Many thanks for sharing your system, I'll have a look.

> but our systems in use can’t hold all the data twice. Even
> though we’re migrating to a backend implementation that uses
> less data than before I have to perform an “inplace” migration
> in some way. This is VM block device backup. So basically we
> migrate one VM with all its previous data and that works quite
> fine with a little headroom. However, migrating all VMs to a
> new “full” backup and then wait for the old to shrink would
> only work if we had a completely empty backup server in place,
> which we don’t.

> Also: the idea of migrating on btrfs also has its downside -
> the performance of “mkdir” and “fsync” is abysmal at the
> moment.

That *performance* is pretty good indeed, it is the *speed* that
may be low, but that's obvious. Please consider looking at these
entirely typical speeds:

  http://www.sabi.co.uk/blog/17-one.html?170302#170302
  http://www.sabi.co.uk/blog/17-one.html?170228#170228

> I’m waiting for the current shrinking job to finish but this
> is likely limited to the “find free space” algorithm. We’re
> talking about a few megabytes converted per second. Sigh.

Well, if the filetree is being actively used for COW backups
while being shrunk that involves a lot of randomish IO with
barriers.

>> I would only suggest that you reconsider XFS. You can't
>> shrink XFS, therefore you won't have the flexibility to
>> migrate in the same way to anything better that comes along
>> in the future (ZFS perhaps? or even Bcachefs?). XFS does not
>> perform that much better over Ext4, and very importantly,
>> Ext4 can be shrunk.

ZFS is a complicated mess too with an intensely anisotropic
performance envelope too and not necessarily that good for
backup archival for various reasons. I would consider looking
instead at using a collection of smaller "silo" JFS, F2FS,
NILFS2 filetrees as well as XFS, and using MD RAID in RAID10
mode instead of DM/LVM2:

  http://www.sabi.co.uk/blog/16-two.html?161217#161217
  http://www.sabi.co.uk/blog/17-one.html?170107#170107
  http://www.sabi.co.uk/blog/12-fou.html?121223#121223
  http://www.sabi.co.uk/blog/12-fou.html?121218b#121218b
  http://www.sabi.co.uk/blog/12-fou.html?121218#121218

and yes, Bcachefs looks promising, but I am sticking with Btrfs:

  https://lwn.net/Articles/717379

> That is true. However, we do have moved the expected feature
> set of the filesystem (i.e. cow)

That feature set is arguably not appropriate for VM images, but
lots of people know better :-).

> down to “store files safely and reliably” and we’ve seen too
> much breakage with ext4 in the past.

That is extremely unlikely unless your storage layer has
unreliable barriers, and then you need a lot of "optimism".

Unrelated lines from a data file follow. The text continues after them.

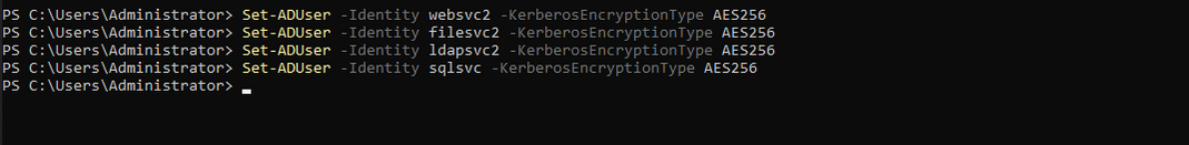 Set-ADUser -Identity filesvc2 -KerberosEncryptionType AES256
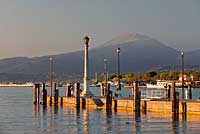 Peschiera, Hafenmole mit Leuchtmast in Abendstimmung
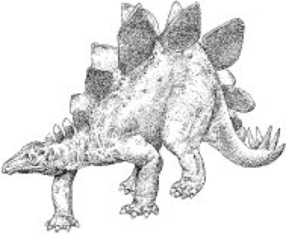 Stegosauria [von *stego- , griech. sauros = Echse], (Marsh 1877), Stegosaurier, Stacheldinosaurier, mit Panzerplatten ausgestattete Dinosaurier, sekundär quadrupede, zu den Ornithischia gehörende herbivore Dinosaurier (Farbtafel) aus der Gruppe Ornithopoda; auf dem Hals, Rücken und bis zum Schwanz mit 2 Reihen senkrecht stehender, alternierend angeordneter, dreieckiger Hautknochen oder knöcherner Stacheln, die nahe dem Schwanzende in 2 Stachelpaare übergehen. Die Platten oder Dornen sind stark vaskularisiert, waren also von Blutgefäßen durchzogen, weshalb sie als der Temperaturregulation dienend gedeutet werden. Möglicherweise waren sie zusätzlich Imponiergebilde. Bei einer Körperlänge bis 8 m war der lange, schmale Schädel sehr klein. Das Gehirn des etwa 7 m langen Stegosaurus ( vgl. Abb. ) aus dem oberen Jura von Nordamerika hatte nur die Größe einer Walnuß. Die 5fingerige Hand und der 4zehige Fuß trugen Hufe. Vorkommen: vom unteren Jura bis zur oberen Kreide von Europa, Nordamerika, Süd- und Ostafrika sowie Ostasien (China).

> Of course “persistence means you’ll have to say I’m sorry” and
> thus with either choice we may be faced with some issue in the
> future that we might have circumvented with another solution
> and yes flexibility is worth a great deal.

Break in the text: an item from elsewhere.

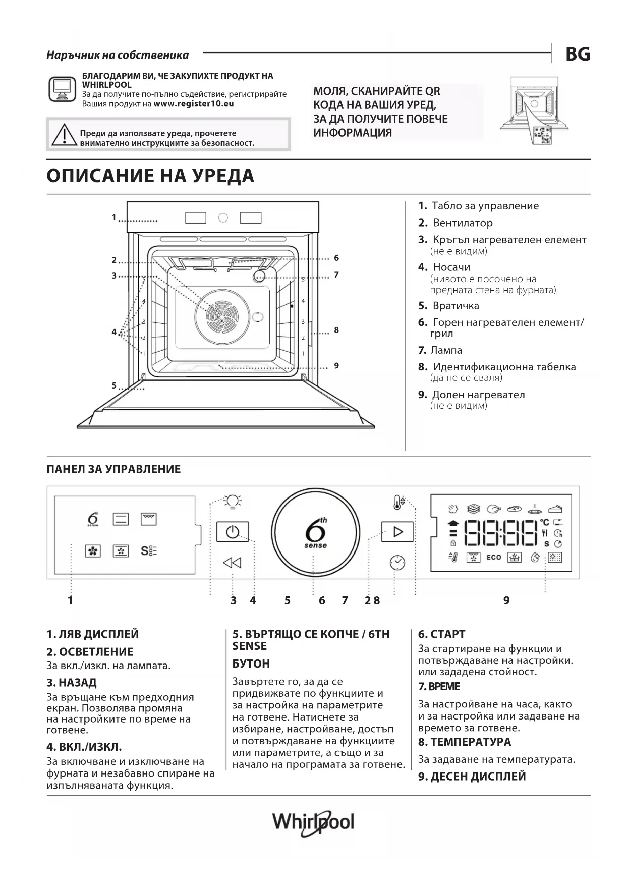 - Alternatively, contact our After-sales Service (See phone number in the warranty booklet). When contacting our After- sales Service, please state the codes provided on your product's identi cation plate. ®/TM/© 2025 Whirlpool. Produced under license.BG Наръчник на собственика БЛАГОДАРИМ ВИ, ЧЕ ЗАКУПИХТЕ ПРОДУКТ НА WHIRLPOOL За да получите по-пълно съдействие, регистрирайте Вашия продукт на www.register10.eu Преди да използвате уреда, прочетете внимателно инструкциите за безопасност. ОПИСАНИЕ НА УРЕДА ПАНЕЛ ЗА УПРАВЛЕНИЕ

Enterprise SSDs with high small-random-write IOPS-per-TB can
give both excellent speed and high flexibility :-).

> We’ve run XFS and ext4 on different (large and small)
> workloads in the last 2 years and I have to say I’m much more
> happy about XFS even with the shrinking limitation.

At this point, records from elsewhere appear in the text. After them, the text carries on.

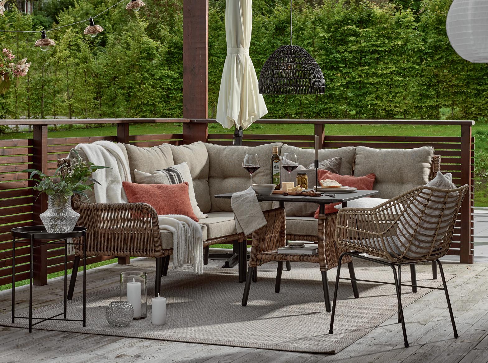 Semesterkänsla med Mallorca Mallorca är en stilfull utegrupp som för tankarna till varma sommarkvällar. Med sin eleganta repflätning, sköna sittkomfort och höga bord passar den för både avkoppling och middag. Den tåliga fibercementskivan klarar väder och vind – med stilen i behåll.
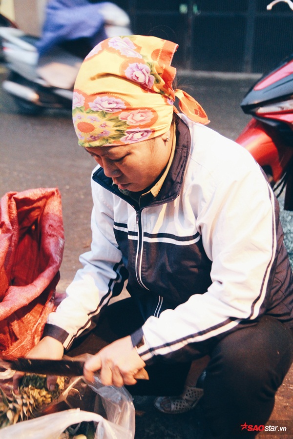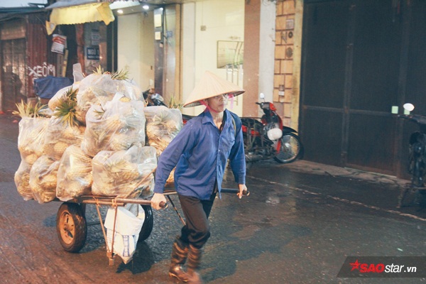 Những nữ cửu vạn đến từ các tỉnh lân cận quanh Hà Nội như Vĩnh Phúc, Tuyên Quang, Nam Định, Hưng Yên… Họ làm công việc bốc vác thuê - vốn mặc định dành cho những đấng mày râu.Tuy vất vả mệt nhọc nhưng tiền công cũng không được là bao. Vận chuyển mỗi bao dứa lớn khoảng 20kg được trả với giá 2 nghìn đồng. Một xe dứa khoảng 15 bao mới kiếm được 30 nghìn đồng.
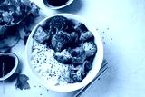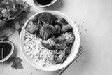 Top view of healthy tofu bowl with broccoli and rice on white background. Vegetarian food concept

XFS and 'ext4' are essentially equivalent, except for the
fixed-size inode table limitation of 'ext4' (and XFS reportedly
has finer grained locking). Btrfs is nearly as good as either on
most workloads is single-device mode without using the more
complicated features (compression, qgroups, ...) and with
appropriate use of the 'nowcow' options, and gives checksums on
data too if needed.

> To us ext4 is prohibitive with it’s fsck performance and we do
> like the tight error checking in XFS.

It is very pleasing to see someone care about the speed of
whole-tree operations like 'fsck', a very often forgotten
"little detail". But in my experience 'ext4' checking is quite
competitive with XFS checking and repair, at least in recent
years, as both have been hugely improved. XFS checking and
repair still require a lot of RAM though.

> Thanks for the reminder though - especially in the public
> archive making this tradeoff with flexibility known is wise to
> communicate. :-)

"Flexibility" in filesystems, especially on rotating disk
storage with extremely anisotropic performance envelopes, is
very expensive, but of course lots of people know better :-).